[ACTION ITEM]: Transcribe the listing below word for word but skip its images.

[INPUT DATA]:

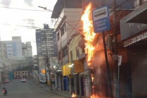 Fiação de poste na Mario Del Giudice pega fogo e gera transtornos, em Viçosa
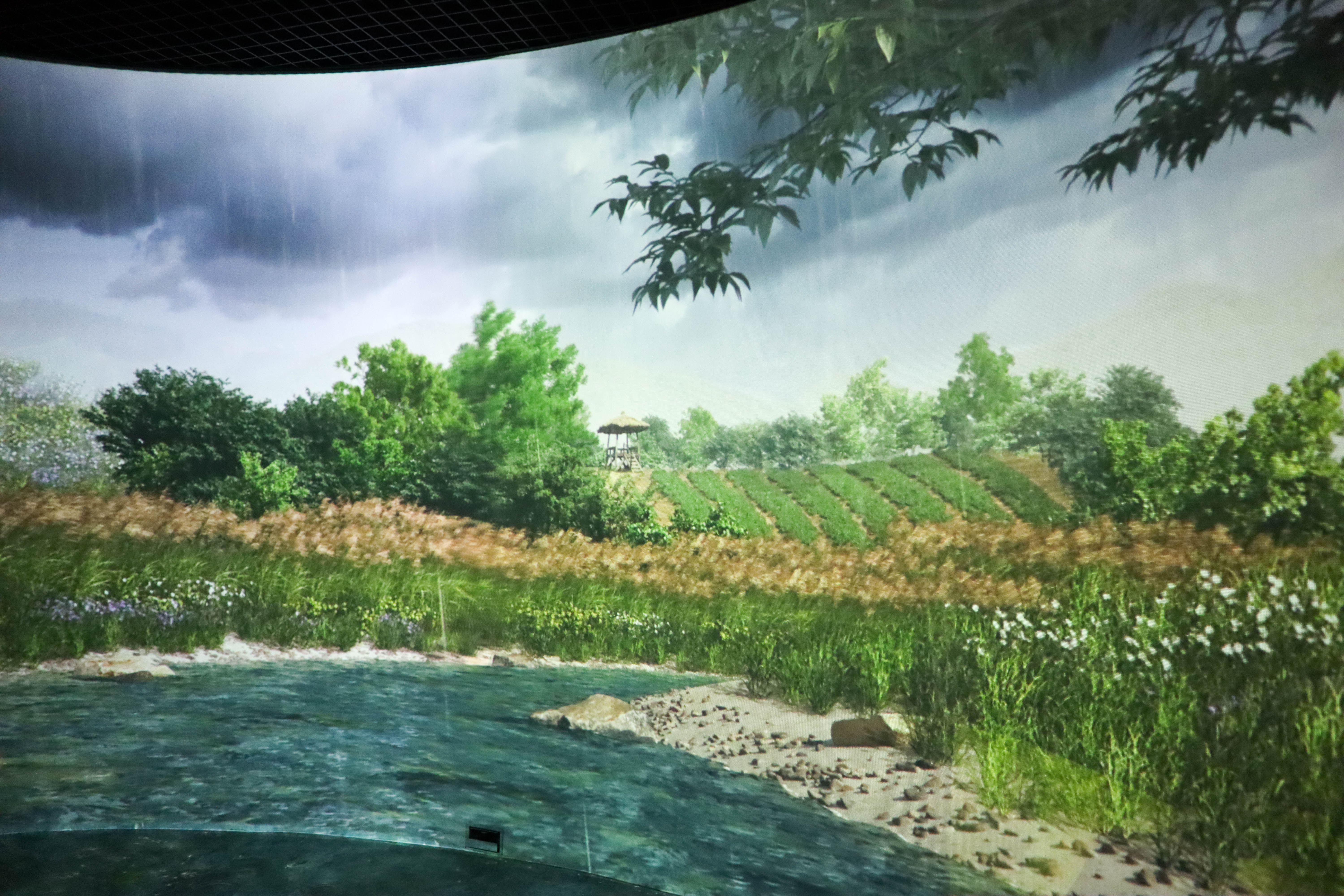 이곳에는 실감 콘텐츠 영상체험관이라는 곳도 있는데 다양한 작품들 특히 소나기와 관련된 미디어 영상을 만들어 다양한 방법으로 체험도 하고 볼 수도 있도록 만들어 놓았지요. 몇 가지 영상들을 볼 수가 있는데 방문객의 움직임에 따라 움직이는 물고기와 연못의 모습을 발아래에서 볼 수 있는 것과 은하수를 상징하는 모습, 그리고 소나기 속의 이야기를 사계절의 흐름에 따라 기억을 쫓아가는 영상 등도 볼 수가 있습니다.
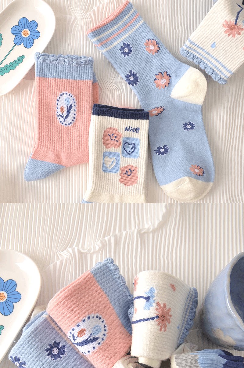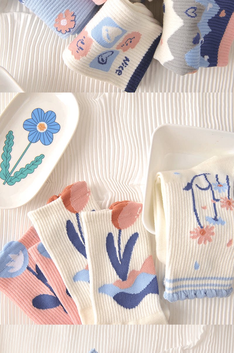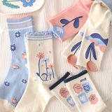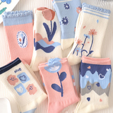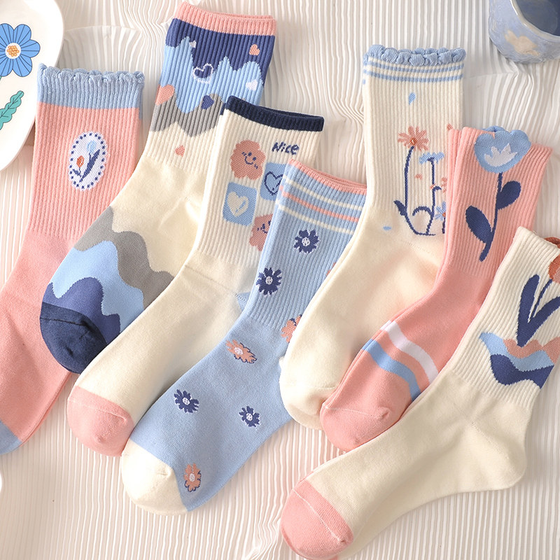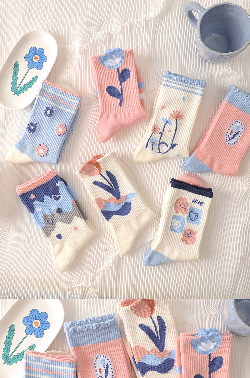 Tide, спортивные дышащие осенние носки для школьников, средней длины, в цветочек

[YOUR SOLUTION]:
 Fiação de poste na Mario Del Giudice pega fogo e gera transtornos, em Viçosa
 이곳에는 실감 콘텐츠 영상체험관이라는 곳도 있는데 다양한 작품들 특히 소나기와 관련된 미디어 영상을 만들어 다양한 방법으로 체험도 하고 볼 수도 있도록 만들어 놓았지요. 몇 가지 영상들을 볼 수가 있는데 방문객의 움직임에 따라 움직이는 물고기와 연못의 모습을 발아래에서 볼 수 있는 것과 은하수를 상징하는 모습, 그리고 소나기 속의 이야기를 사계절의 흐름에 따라 기억을 쫓아가는 영상 등도 볼 수가 있습니다.
 Tide, спортивные дышащие осенние носки для школьников, средней длины, в цветочек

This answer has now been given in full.